• **Task objective**
Return each line of the data below exactly, omitting any pictures.

• **Exercise data**
>>>

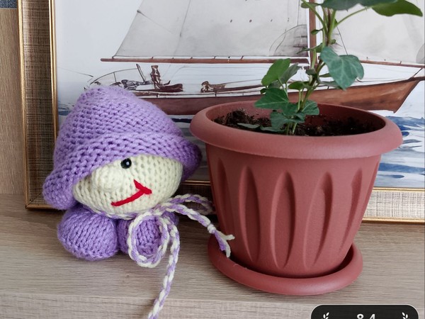Милый маленький гном-осминожек в сиреневой шапочке уютно устроился рядом с цветочным горшком. Круглая кремовая головка связана лицевой гладью по спирали без заметных швов, взгляд создают чёрные бусинки-глазки. Шапочка из фактурной платочной вязки объёмно прикрывает верх, образуя забавный колпак, а восемь коротких лапок-щупалец аккуратно вывязаны чулочной вязкой с ровной плотностью. Завершают образ скрученные шнурочки-усики двух оттенков – сиреневого и молочного, добавляющие динамики и игривости. Простая, но аккуратная работа, которая радует нежной цветовой гаммой и дружелюбной улыбкой.
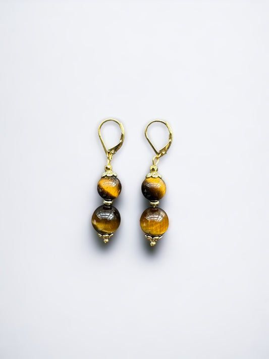 Boucles d'oreilles Luna longues en Oeil de tigre
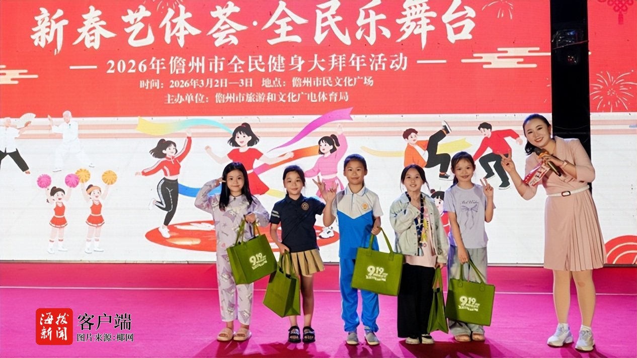 商报全媒体讯(椰网/海拔新闻记者 黄桂风)3月2日,由儋州市旅游和文化广电体育局主办的“新春艺体荟 全民乐舞台”2026年儋州市新春全民健身活动在儋州市文化广场举行,以“金鞍贺岁·福满儋洋”为主题,将传统健身、民俗文化与市民互动融为一体,现场人头攒动、掌声不断,在运动的激情与欢笑的暖意中,以健康活力的方式欢度新春佳节。

<<<

• **Written answer**
Милый маленький гном-осминожек в сиреневой шапочке уютно устроился рядом с цветочным горшком. Круглая кремовая головка связана лицевой гладью по спирали без заметных швов, взгляд создают чёрные бусинки-глазки. Шапочка из фактурной платочной вязки объёмно прикрывает верх, образуя забавный колпак, а восемь коротких лапок-щупалец аккуратно вывязаны чулочной вязкой с ровной плотностью. Завершают образ скрученные шнурочки-усики двух оттенков – сиреневого и молочного, добавляющие динамики и игривости. Простая, но аккуратная работа, которая радует нежной цветовой гаммой и дружелюбной улыбкой.
 Boucles d'oreilles Luna longues en Oeil de tigre
 商报全媒体讯(椰网/海拔新闻记者 黄桂风)3月2日,由儋州市旅游和文化广电体育局主办的“新春艺体荟 全民乐舞台”2026年儋州市新春全民健身活动在儋州市文化广场举行,以“金鞍贺岁·福满儋洋”为主题,将传统健身、民俗文化与市民互动融为一体,现场人头攒动、掌声不断,在运动的激情与欢笑的暖意中,以健康活力的方式欢度新春佳节。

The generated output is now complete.